> [WORK TASK]: Once you reach the line with "Bouquet de 12" in the material below, copy each line exactly up to and including the line with "在个人页面,点击点击登录注册,进入登录界面。", and skip the pictures.

___

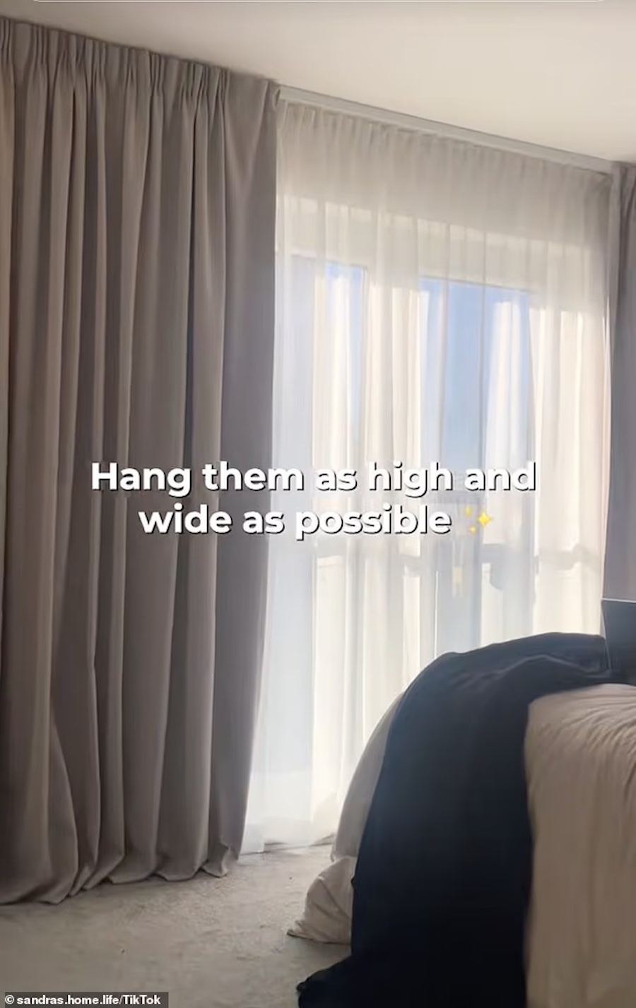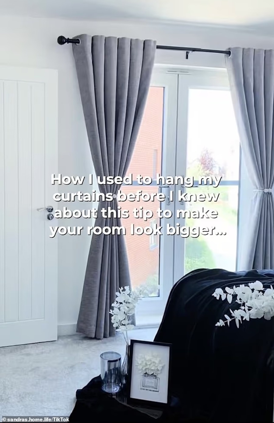 Trong đoạn video thu hút rất nhiều lượt tương tác, Sandra cho biết chỉ cần thay đổi cách treo rèm cửa là đủ làm thay đổi cảm giác về không gian của căn phòng.
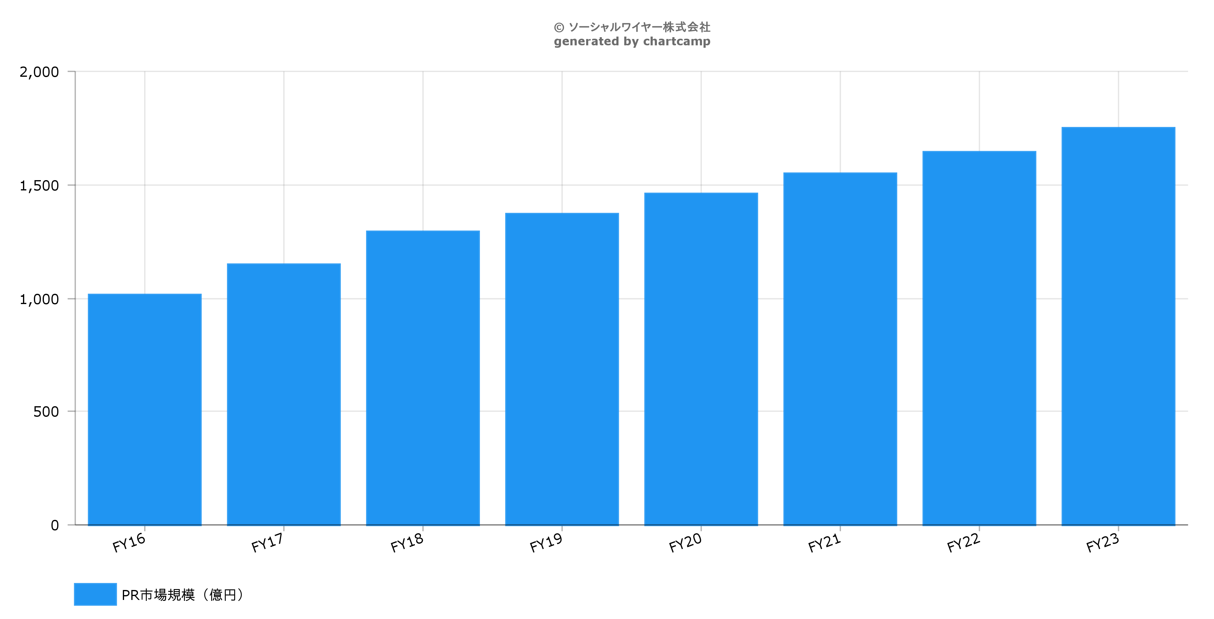 2019年5月公益社団法人日本パブリックリレーションズ協会発表「PR業に関する実態調査」を参考にソーシャルワイヤーの推計による市場規模
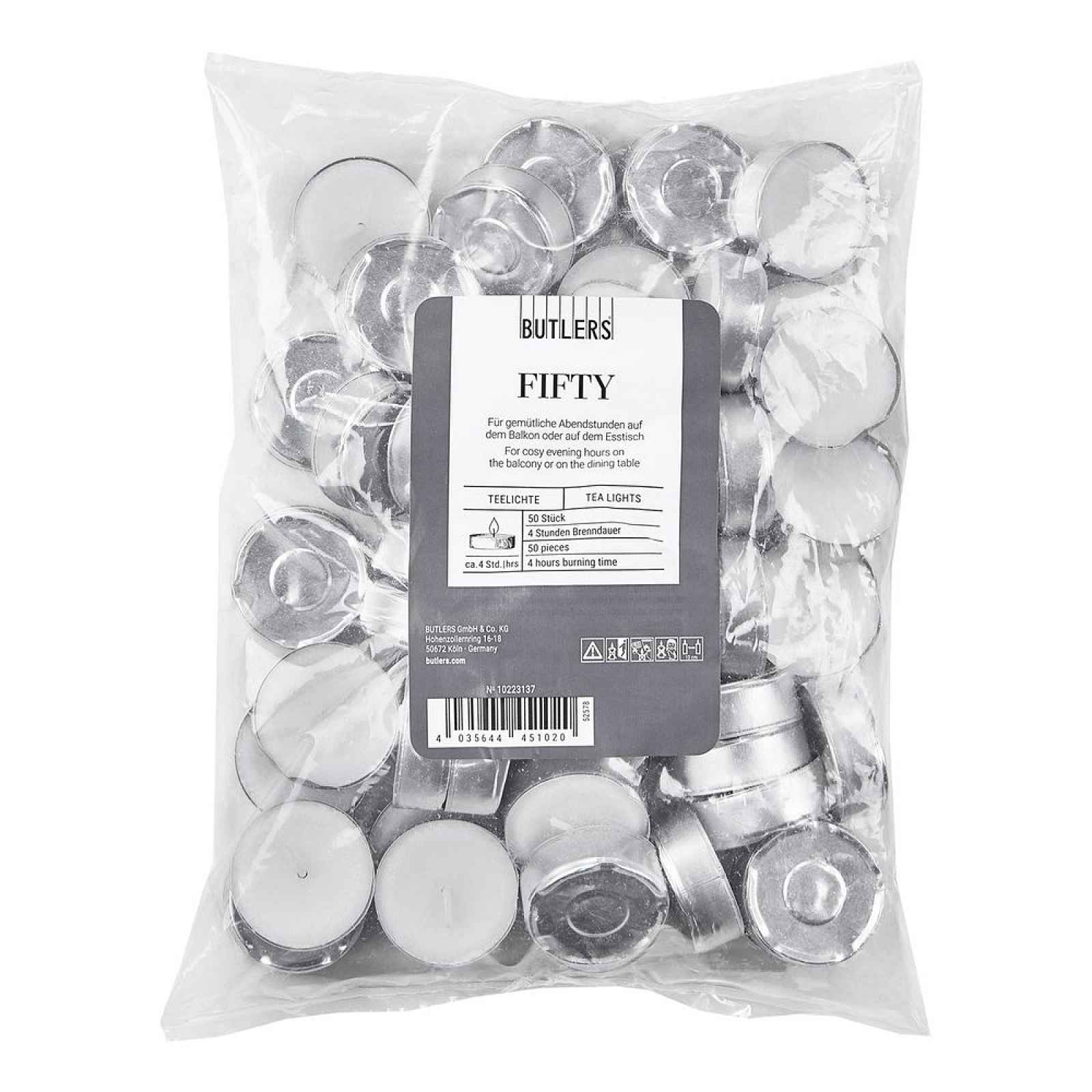 obzvláště dlouhá doba hoření 4 hodiny Praktické velké balení pro dlouhé a příjemné chvíle za svitu svíček FIFTY. Obzvláště dlouhá doba hoření 4 hodiny!
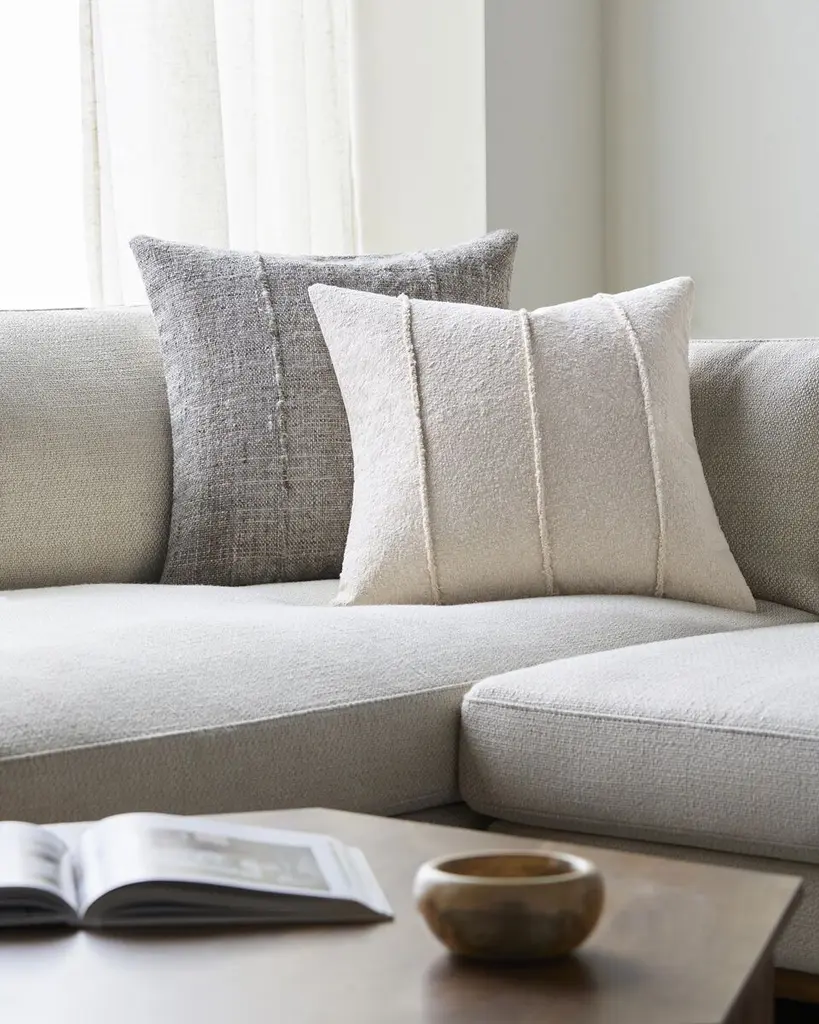 The Mindy accent pillow, a Becki Owens x Surya collaboration, brings effortless style and tactile interest to any space. Designed with understated elegance in mind, this cotton-made piece features three beautifully textured lines against an off-white backdrop that can effortlessly blend with any existing decor. Whether you're looking to add a touch of charm to your sofa or create a cozy reading nook, the Mindy accent pillow is sure to elevate your home style. Furthermore, it promises easy maintenance as it only requires spot cleaning with mild detergent. Made with love in India, this stylish pillow is more than just decor—it's a statement of fashion and comfort.
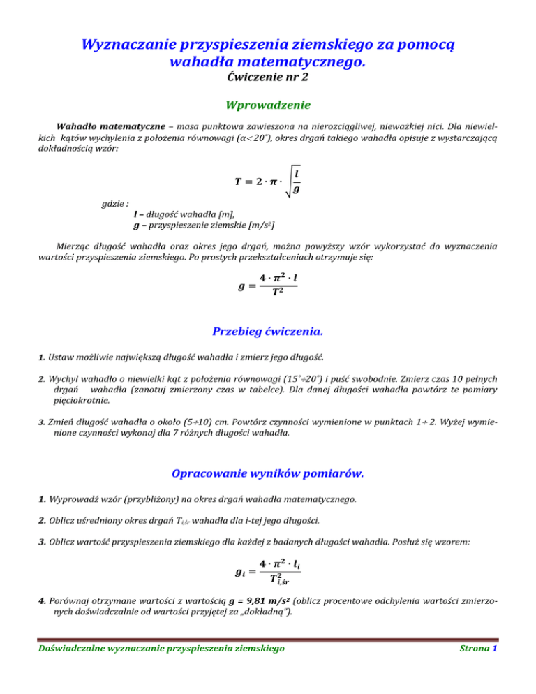ĆW. 1 Wyznaczanie przyspieszenia ziemskiego za pomocą
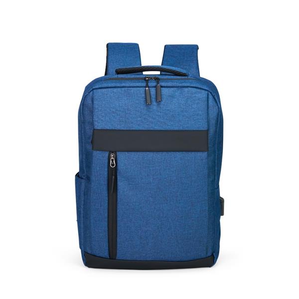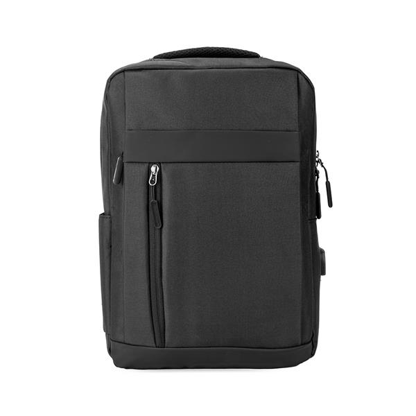 Mochila em nylon Oxford impermeável com detalhes em couro sintético, capacidade para até 14 litros, fechamento em zíper com puxadores em plástico e nylon. Possui compartimento interno com bolsos de tamanhos variados e divisória para notebooks de até 15,6 polegadas. Apresenta dois compartimentos frontais com abertura lateral, além de entrada para cabo USB e bolso lateral aberto. Dispõe também de alça de mão em poliéster reforçado e duas alças para as costas com revestimento em espuma respirável.
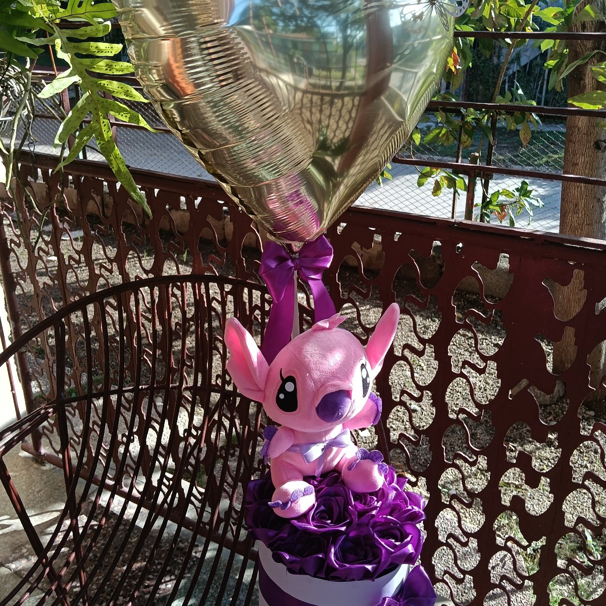 Bouquet de 12 rosas eternas con globo y peluche
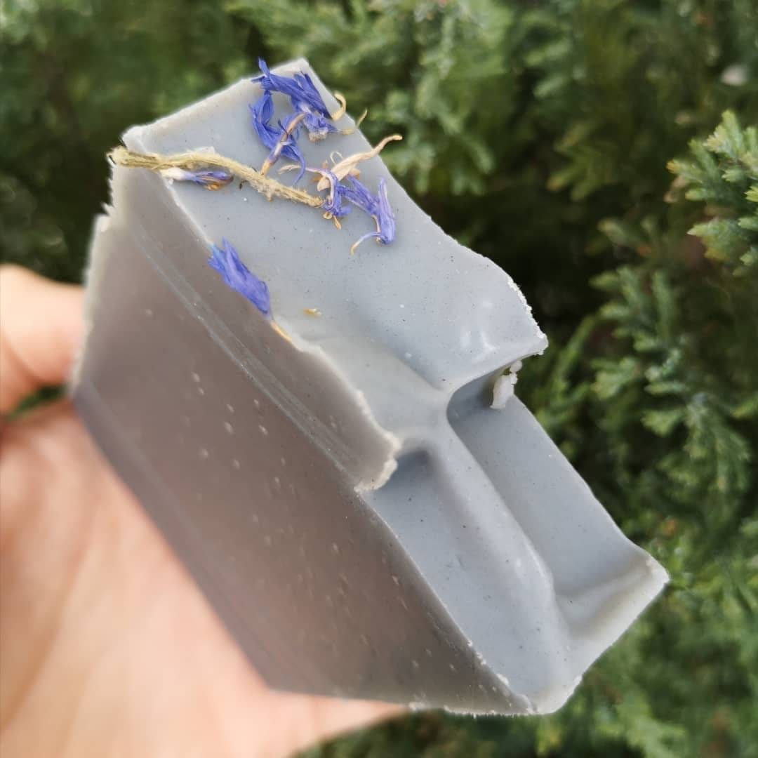 Activated charcoal added for its deep cleaning properties. Blue cornflower for decoration.
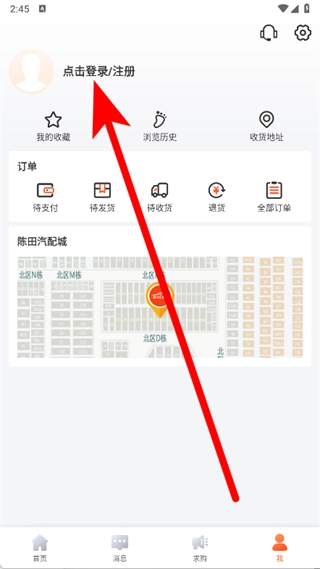 在个人页面,点击点击登录注册,进入登录界面。
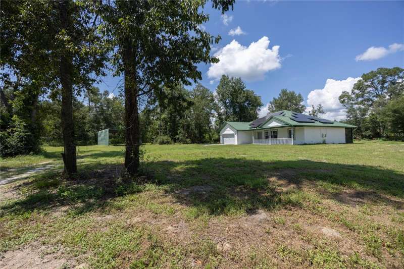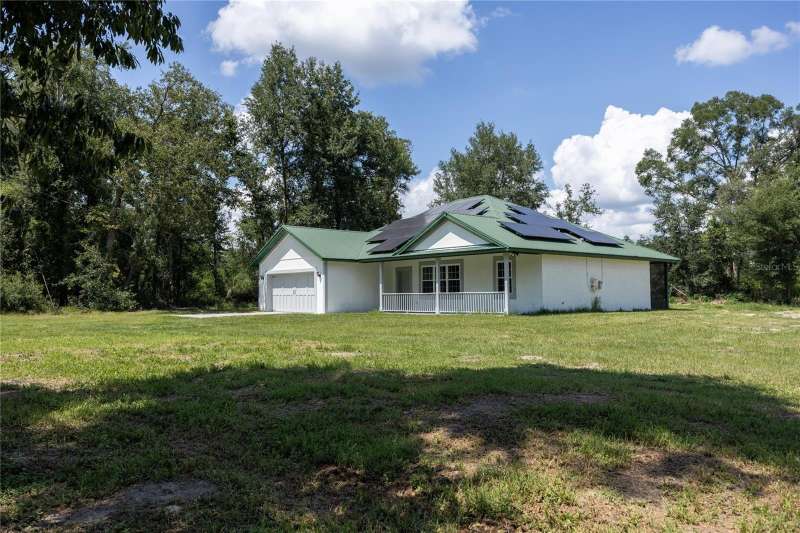 Under contract-accepting backup offers. Bring your horses and enjoy country living at its finest! This beautiful and secluded 10-acre property in Fort White is mostly wooded yet thoughtfully cleared in key areas, offering the perfect blend of privacy and functionality. Already set up for horses, the property includes two paddocks, a 24' x 36' pole barn, horse pens, shelters, and a huge metal carport ideal for storing your horse trailer, truck, or farm equipment. The home has been freshly painted inside and out, giving it a bright and welcoming feel. Energy efficiency takes center stage with a 10.23 kW solar system featuring solar panels, a new 80-gallon high-efficiency water heater equipped with a heat pump, and a newer washer and dryer included. Utility bills stay remarkably low, making this home both modern and budget-friendly.Inside, you’ll find an open floor plan with brand-new carpet in the living room and primary bedroom, granite countertops, abundant soft-close cabinetry, and recessed lighting throughout. A new dishwasher adds even more convenience. The spacious master suite boasts a walk-in closet and a luxury bath with a jetted tub, dual-head walk-in shower with bench seating, creating your own private retreat. Enjoy evenings on the front porch watching wildlife, or retreat to the screened back porch overlooking a freshly cleared section perfect for a flower or vegetable garden. All of this is just minutes away from the famous Ichetucknee Springs and Santa Fe River, where you can enjoy Florida’s natural beauty. With modern updates, energy savings, and fully equipped horse facilities, this property is truly move-in ready and waiting for you.
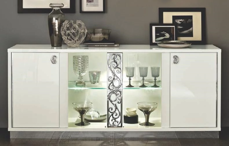 4-ajtós tálalókomód üvegpolc: 3 x 120 mm-es rozsdamentes acél profil LED-lámpával (1,8 W alacsony fogyasztás - 3000 Kelvin, meleg fényű).

___

> [OUTPUT OF THE EXERCISE]:
 Bouquet de 12 rosas eternas con globo y peluche
 Activated charcoal added for its deep cleaning properties. Blue cornflower for decoration.
 在个人页面,点击点击登录注册,进入登录界面。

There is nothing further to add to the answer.